§ **Record set**
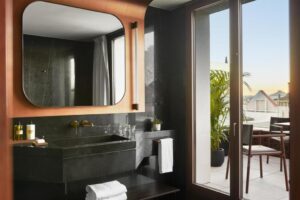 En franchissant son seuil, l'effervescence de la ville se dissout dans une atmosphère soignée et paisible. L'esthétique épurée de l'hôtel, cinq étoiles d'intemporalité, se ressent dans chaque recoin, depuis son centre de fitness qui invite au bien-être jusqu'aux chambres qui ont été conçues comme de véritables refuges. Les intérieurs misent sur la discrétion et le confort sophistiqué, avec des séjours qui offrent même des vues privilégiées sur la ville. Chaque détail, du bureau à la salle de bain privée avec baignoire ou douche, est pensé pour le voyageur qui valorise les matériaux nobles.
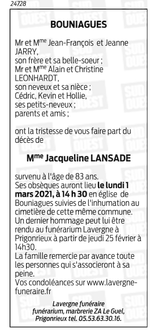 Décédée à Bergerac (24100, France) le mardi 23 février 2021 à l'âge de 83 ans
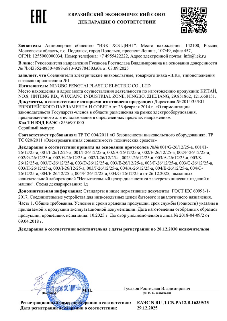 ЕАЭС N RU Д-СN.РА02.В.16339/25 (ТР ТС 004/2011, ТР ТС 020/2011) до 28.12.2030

* * *

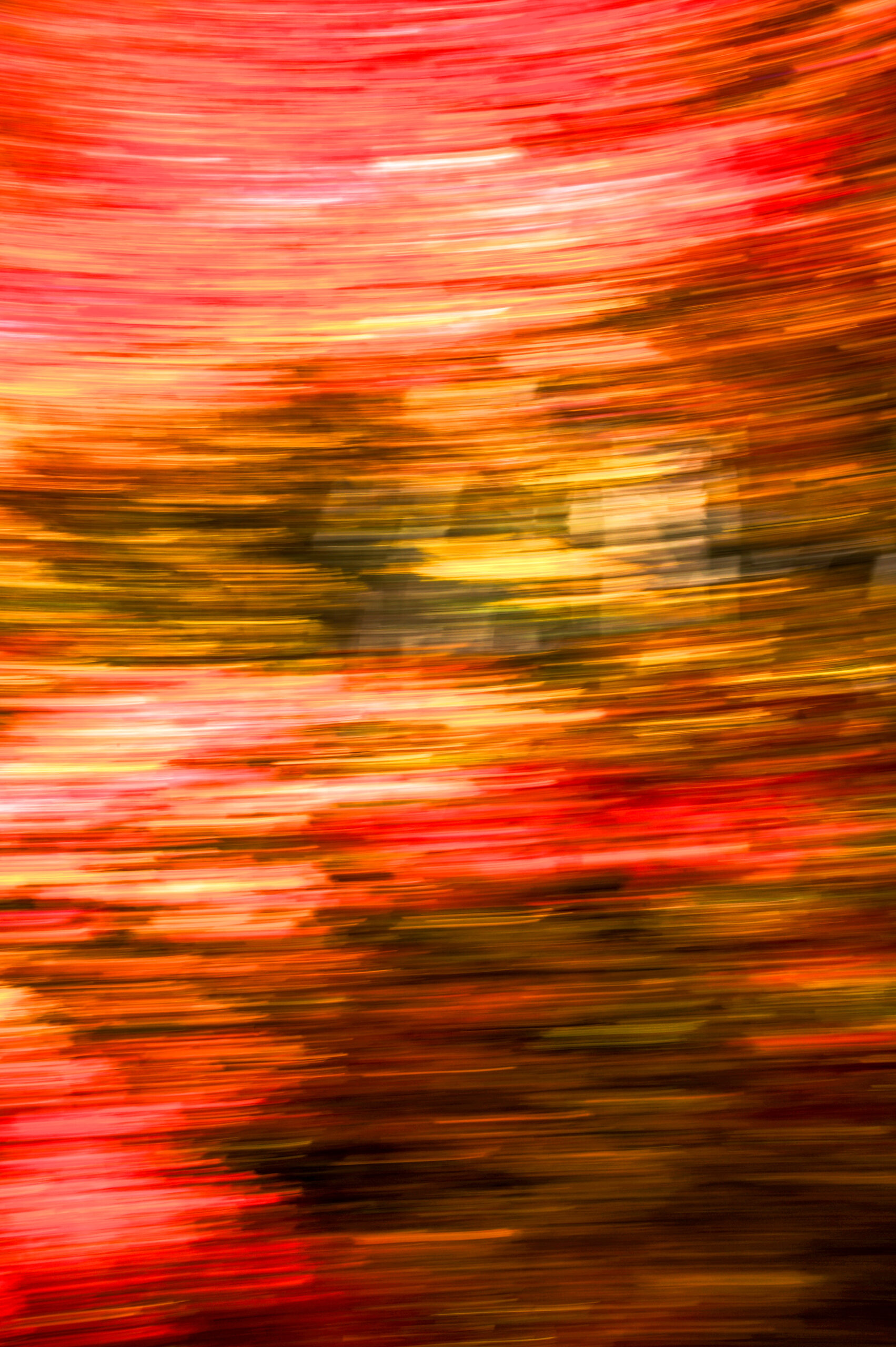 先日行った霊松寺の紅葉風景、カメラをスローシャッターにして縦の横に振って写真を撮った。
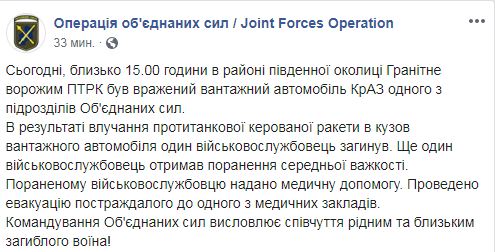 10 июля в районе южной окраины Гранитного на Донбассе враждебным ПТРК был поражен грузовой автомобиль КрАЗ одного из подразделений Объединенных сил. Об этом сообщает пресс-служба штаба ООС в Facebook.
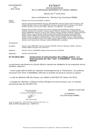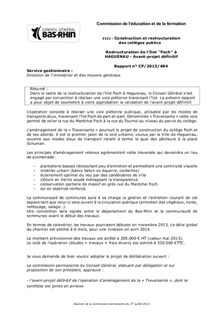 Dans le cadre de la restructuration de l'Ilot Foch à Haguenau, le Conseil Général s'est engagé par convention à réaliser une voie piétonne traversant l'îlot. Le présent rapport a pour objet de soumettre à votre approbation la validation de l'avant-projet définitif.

§ **The problem**
Make an exact copy of the lines above, beginning with the line with "En franchissant son" and ending with the line with "ЕАЭС N RU Д-СN.РА02.В.16339/25", and keep the pictures out of it.

§ **Response for this exercise**
 En franchissant son seuil, l'effervescence de la ville se dissout dans une atmosphère soignée et paisible. L'esthétique épurée de l'hôtel, cinq étoiles d'intemporalité, se ressent dans chaque recoin, depuis son centre de fitness qui invite au bien-être jusqu'aux chambres qui ont été conçues comme de véritables refuges. Les intérieurs misent sur la discrétion et le confort sophistiqué, avec des séjours qui offrent même des vues privilégiées sur la ville. Chaque détail, du bureau à la salle de bain privée avec baignoire ou douche, est pensé pour le voyageur qui valorise les matériaux nobles.
 Décédée à Bergerac (24100, France) le mardi 23 février 2021 à l'âge de 83 ans
 ЕАЭС N RU Д-СN.РА02.В.16339/25 (ТР ТС 004/2011, ТР ТС 020/2011) до 28.12.2030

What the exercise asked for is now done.